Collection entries

※ ※ ※

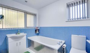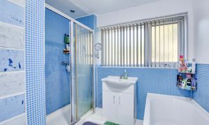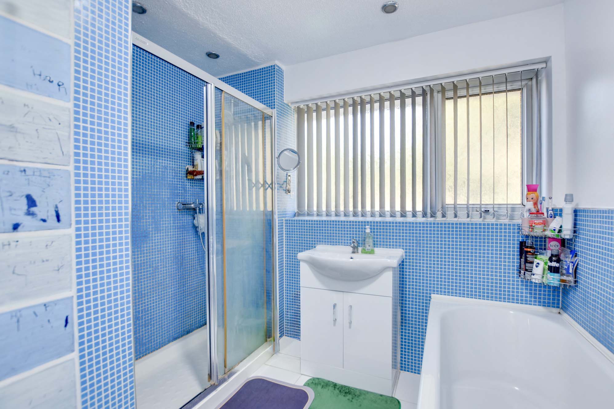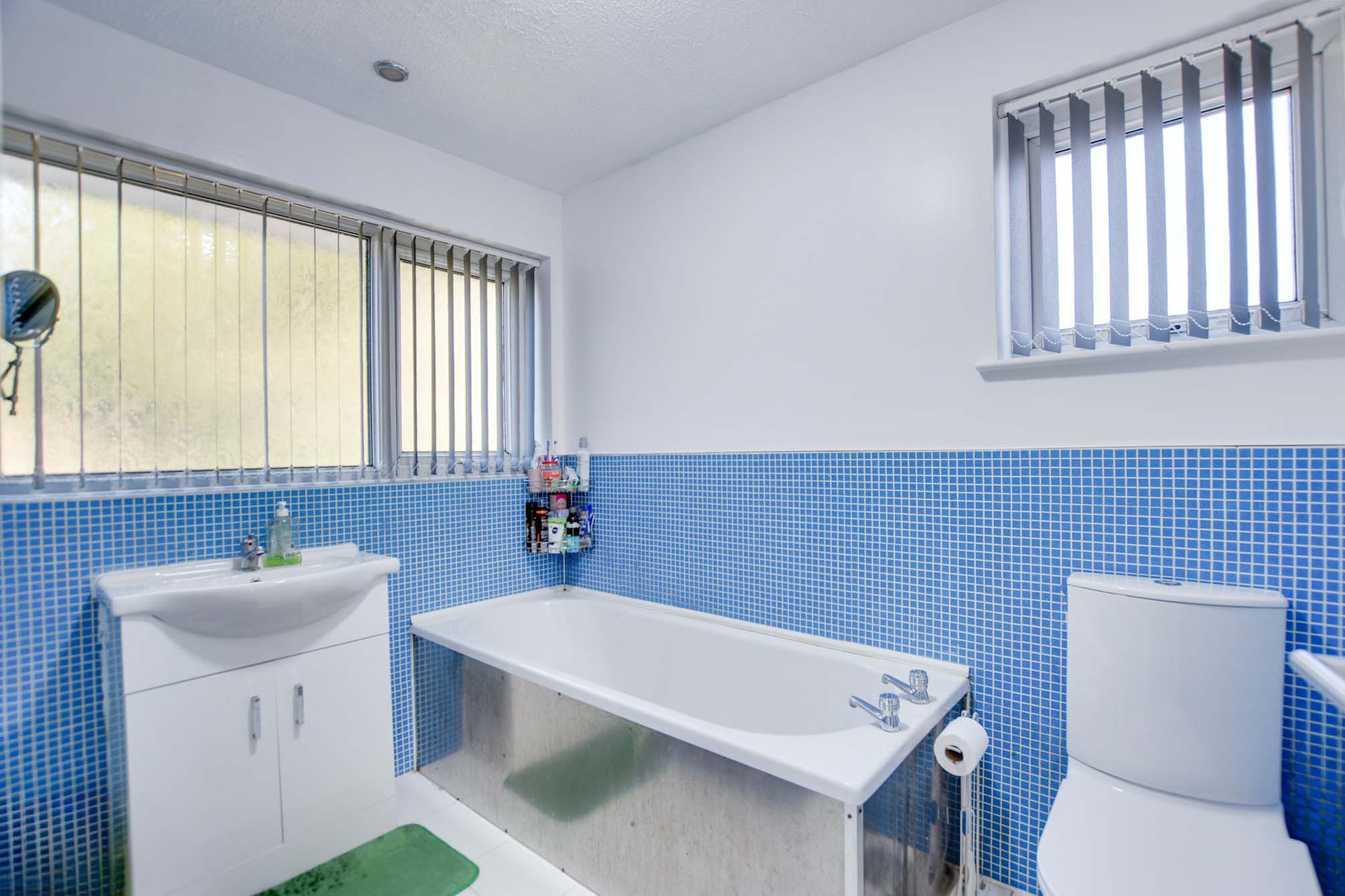 A family bathroom with double glazed windows to the rear and side elevations, bath, separate shower cubicle, wash hand basin, low-level WC, tiled flooring and a heated chrome ladder towel rail.
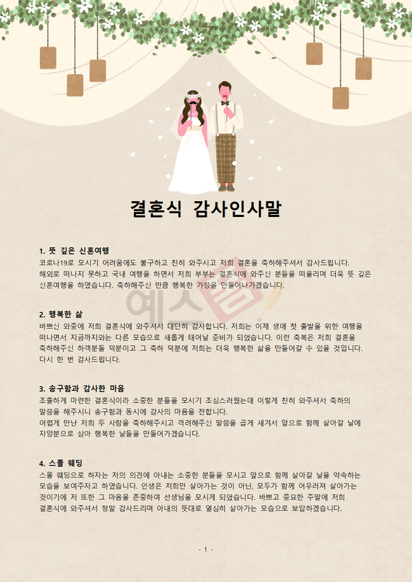 오늘은 예스폼에서 결혼식 대본, 결혼식 식순, 결혼식 축사, 결혼식 감사인사말에 대해서 알아보도록 하겠습니다.
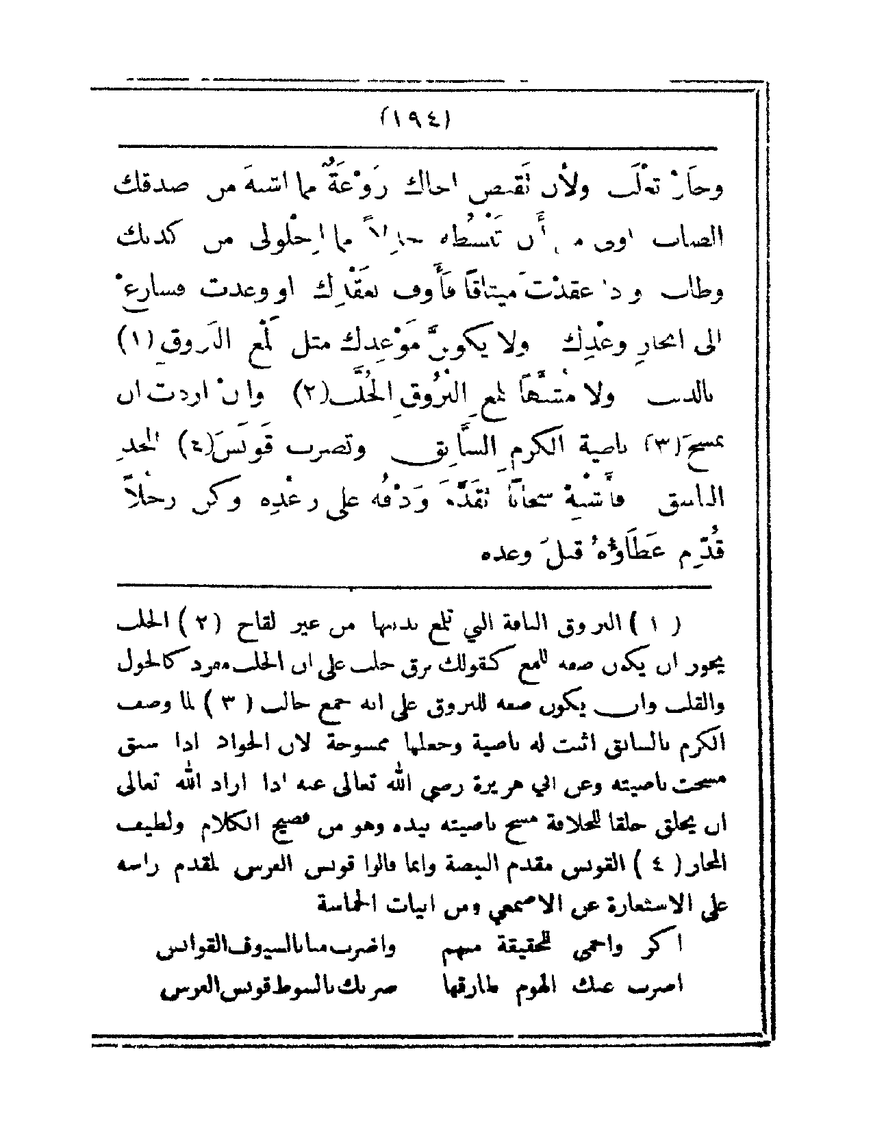 وِجارُ ثَعلَبْ. ولأنْ تَقبِضَ أخاكَ روْعةٌ ممّا أشْبَهَ مِنْ صِدْقِكَ الصَّابْ، أوْلى مِنْ أن تَبْسُطَهُ جَذِلاً ممّا أحولي منْ كَذبِكَ وَطَابْ. وإذا عَقَدْتَ ميثاقاً فأوفِ بعقْدِكْ. أوْ وَعَدْتَ فَسارِعْ إلى إنْجازِ وعدِكْ. ولا يَكونَنّ موعِدُكَ مثلَ لَمْعِ البُروقِ بالذِّنَبْ، ولا مُشَبّهاً بلَمْعِ البُرُوقِ الخُلّبْ، وَإنْ أرَدْتَ أنَ تَمْسَحَ ناصيَةَ الكَرَمِ السابِقْ. وتضرِبَ قَوْنَسَ المَجْدِ الباسِقْ، فأشْبِهْ سَحَاباً تَقَدّمَ وَدْقُهُ على رَعْدِهِ. وَكُنْ رَجُلاً قُدِّمَ عَطاؤهُ قَبْلَ وَعْدِهِ.
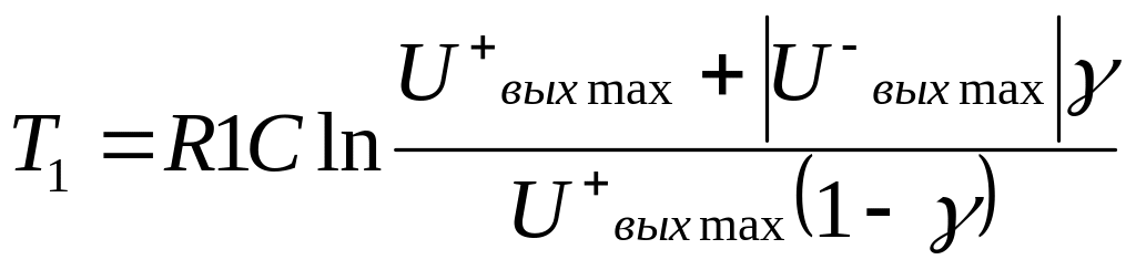 5. Длительности импульса и паузы на выходе мультивибратора определяются соответственно следующими выражениями:
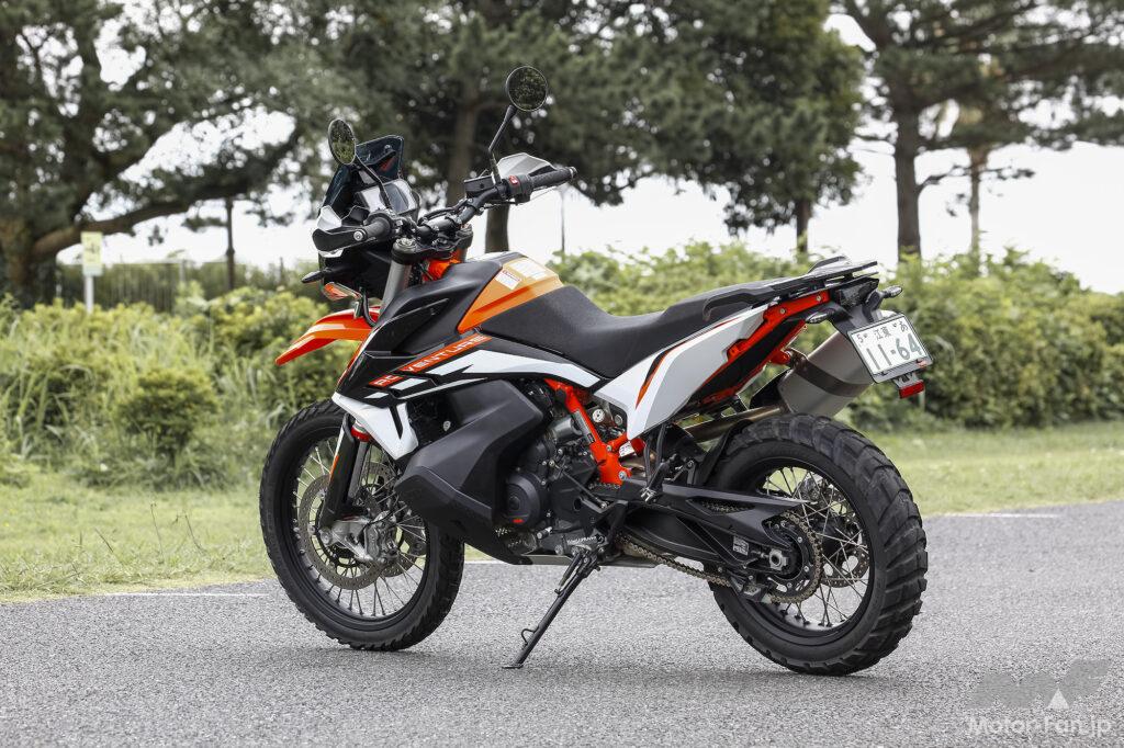 より競技車然としたキャラクターの690アドベンチャー(単気筒エンジン)は146kgだから、流石にそのレベルではないが、大柄な車体サイズを持つミドルクラスのアドベンチャー系として、890の196kgは十分に魅力的である。
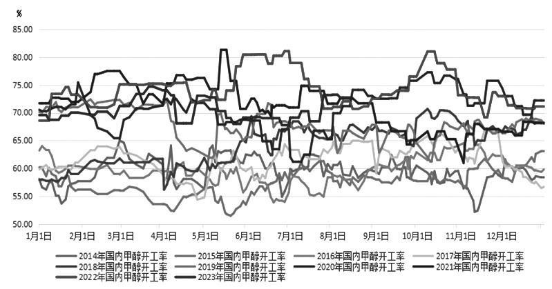 图为2014—2023年国内甲醇开工率走势
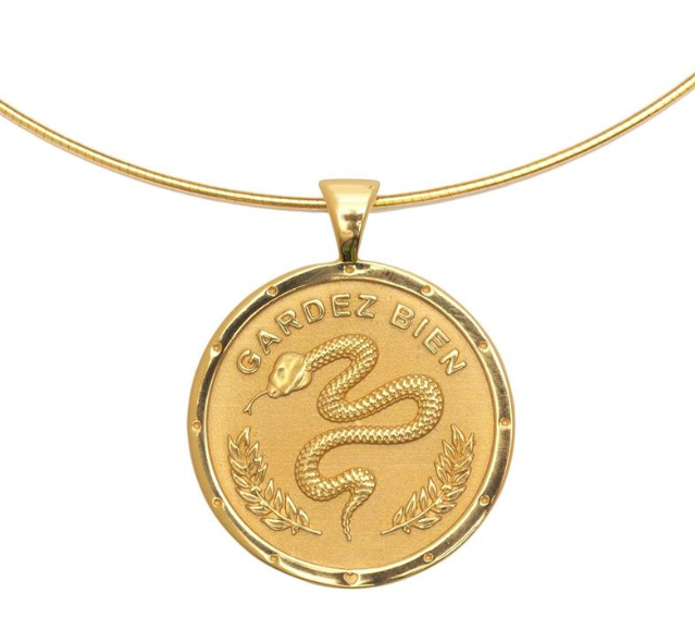 The chic, oversize coin pendants, which come in 10k gold, 14k gold-plated, and sterling silver (prices from just under $300 to around $700), are meant to symbolize “positivity, strength, hope, and luck,” she says.
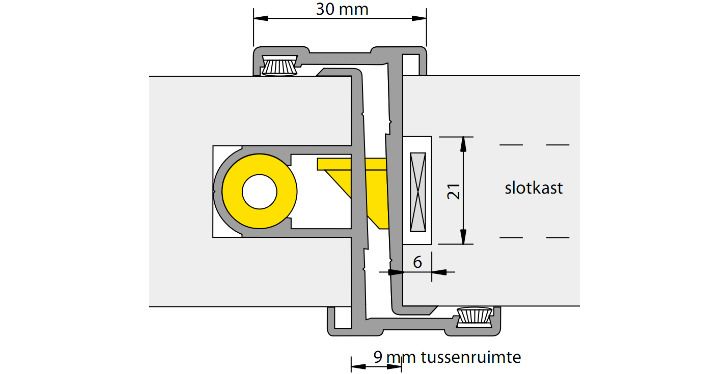Producteigenschappen, ....., achterliggend aangebrachte schuifgrendel, aluminium, deurnaald voor inbraakwerende dubbele deuren, benodigde ruimte tussen de deuren 9mm, F1, geanodiseerd mat-satijn, 235, vanaf onderzijde deur, 2, Onderdelen, 1.050, sluitpot boven vlakke flens, sluitpot onder met schuine flens, borstelstrippen, Din RS, Alprokon Aluminium Development B.V., 40, met voorzieningen voor slottype A - Standaard krukbediend, 1.900 vanaf onderzijde deur, Din LS, 54, gemoffeld (RAL), met voorzieningen voor slottype B - Standaard sleutelbediend, met voorzieningen voor slottype C - Comfort krukbediend, met voorzieningen voor slottype D - Comfort sleutelbediend, met voorzieningen voor slottype E - Comfort krukbediend met uitschakelbare mechanische paniekfunctie, met voorzieningen voor slottype F - Comfort krukbediend met uitschakelbare elektro-mechanische paniekfunctie, met voorzieningen voor slottype G - Comfort sleutelbediend/Life Line, zonder paniekfunctie
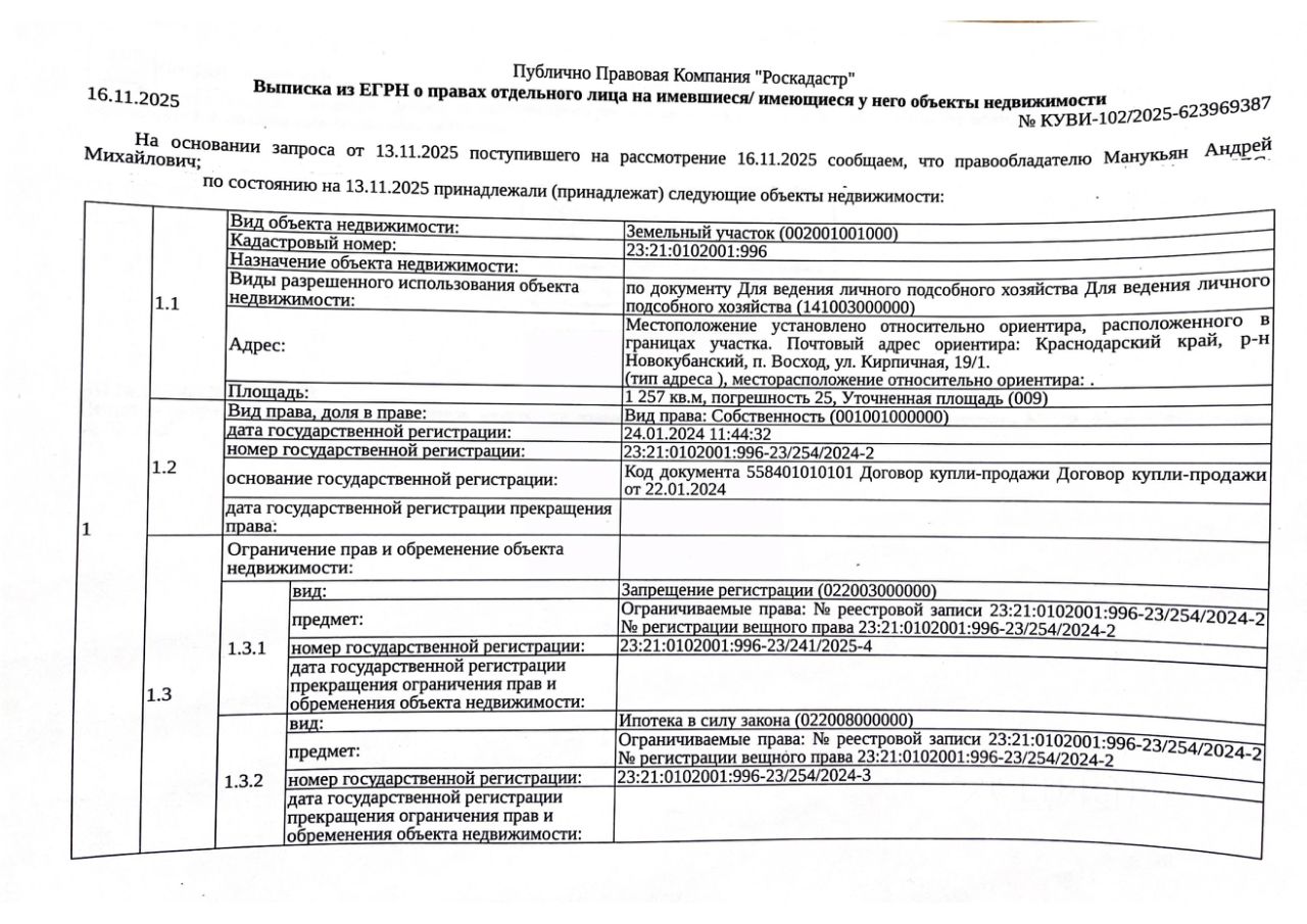 Д-к: Манукьян А.М. Земельный участок (для ведения личного подсобного хозяйства), площадь 1257 кв.м., кадастровый номер 23:21:0102001:996. Адрес: Краснодарский край, Новокубанский район, п. Восход, ул. Кирпичная, 19/1. Начальная цена 465 300 руб., задаток 466 руб., шаг аукциона 4 653 руб., ув. 1957

※ ※ ※

*Your objective*
Print again, exactly, the lines of the records above from the first line through the line with "The chic, oversize". No pictures.

*Result below*
 A family bathroom with double glazed windows to the rear and side elevations, bath, separate shower cubicle, wash hand basin, low-level WC, tiled flooring and a heated chrome ladder towel rail.
 오늘은 예스폼에서 결혼식 대본, 결혼식 식순, 결혼식 축사, 결혼식 감사인사말에 대해서 알아보도록 하겠습니다.
 وِجارُ ثَعلَبْ. ولأنْ تَقبِضَ أخاكَ روْعةٌ ممّا أشْبَهَ مِنْ صِدْقِكَ الصَّابْ، أوْلى مِنْ أن تَبْسُطَهُ جَذِلاً ممّا أحولي منْ كَذبِكَ وَطَابْ. وإذا عَقَدْتَ ميثاقاً فأوفِ بعقْدِكْ. أوْ وَعَدْتَ فَسارِعْ إلى إنْجازِ وعدِكْ. ولا يَكونَنّ موعِدُكَ مثلَ لَمْعِ البُروقِ بالذِّنَبْ، ولا مُشَبّهاً بلَمْعِ البُرُوقِ الخُلّبْ، وَإنْ أرَدْتَ أنَ تَمْسَحَ ناصيَةَ الكَرَمِ السابِقْ. وتضرِبَ قَوْنَسَ المَجْدِ الباسِقْ، فأشْبِهْ سَحَاباً تَقَدّمَ وَدْقُهُ على رَعْدِهِ. وَكُنْ رَجُلاً قُدِّمَ عَطاؤهُ قَبْلَ وَعْدِهِ.
 5. Длительности импульса и паузы на выходе мультивибратора определяются соответственно следующими выражениями:
 より競技車然としたキャラクターの690アドベンチャー(単気筒エンジン)は146kgだから、流石にそのレベルではないが、大柄な車体サイズを持つミドルクラスのアドベンチャー系として、890の196kgは十分に魅力的である。
 图为2014—2023年国内甲醇开工率走势
 The chic, oversize coin pendants, which come in 10k gold, 14k gold-plated, and sterling silver (prices from just under $300 to around $700), are meant to symbolize “positivity, strength, hope, and luck,” she says.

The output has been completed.